◆ Task objective ◆
Give the data again exactly, without images.

◆ Provided material ◆
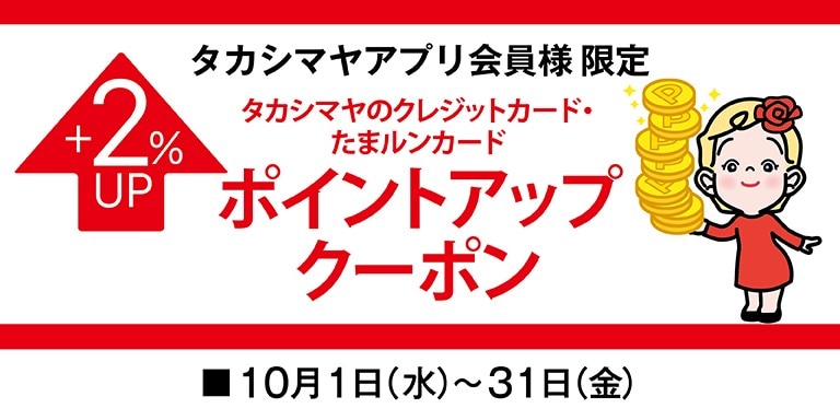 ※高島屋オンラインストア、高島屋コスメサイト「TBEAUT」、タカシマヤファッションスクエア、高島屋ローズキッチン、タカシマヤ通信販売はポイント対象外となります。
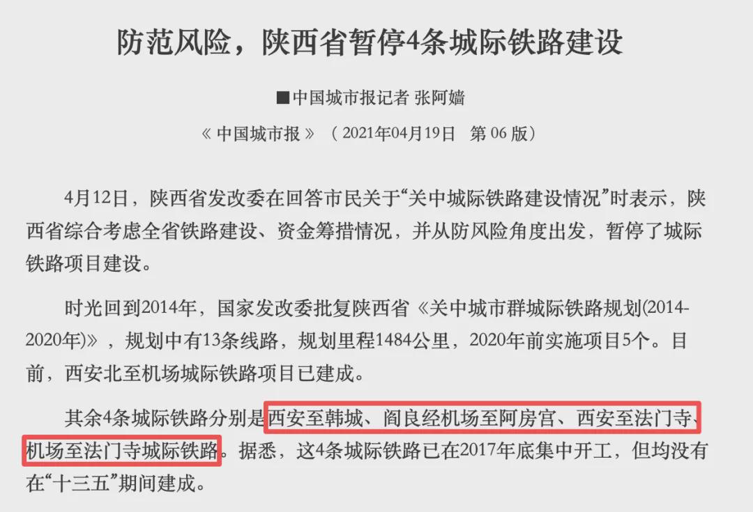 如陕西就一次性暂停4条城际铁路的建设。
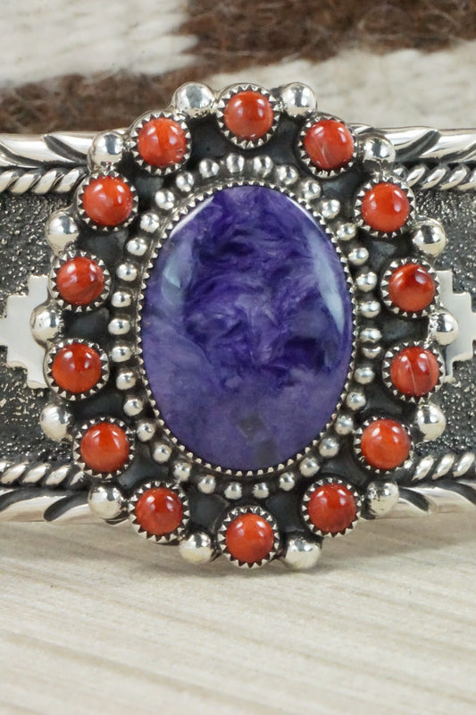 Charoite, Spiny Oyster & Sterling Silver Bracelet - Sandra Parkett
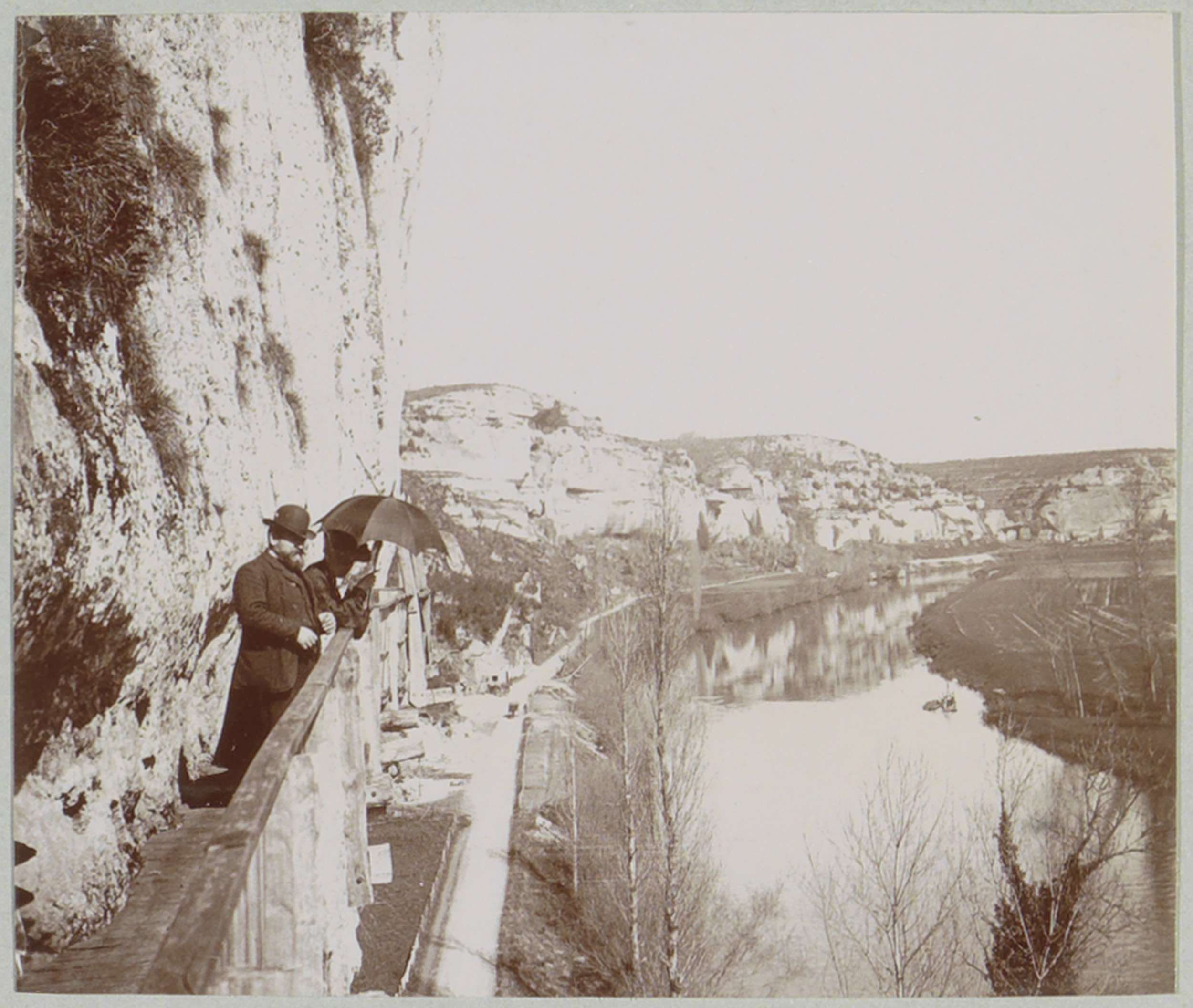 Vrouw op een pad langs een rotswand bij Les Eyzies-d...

◆ Answer to this problem ◆
 ※高島屋オンラインストア、高島屋コスメサイト「TBEAUT」、タカシマヤファッションスクエア、高島屋ローズキッチン、タカシマヤ通信販売はポイント対象外となります。
 如陕西就一次性暂停4条城际铁路的建设。
 Charoite, Spiny Oyster & Sterling Silver Bracelet - Sandra Parkett
 Vrouw op een pad langs een rotswand bij Les Eyzies-d...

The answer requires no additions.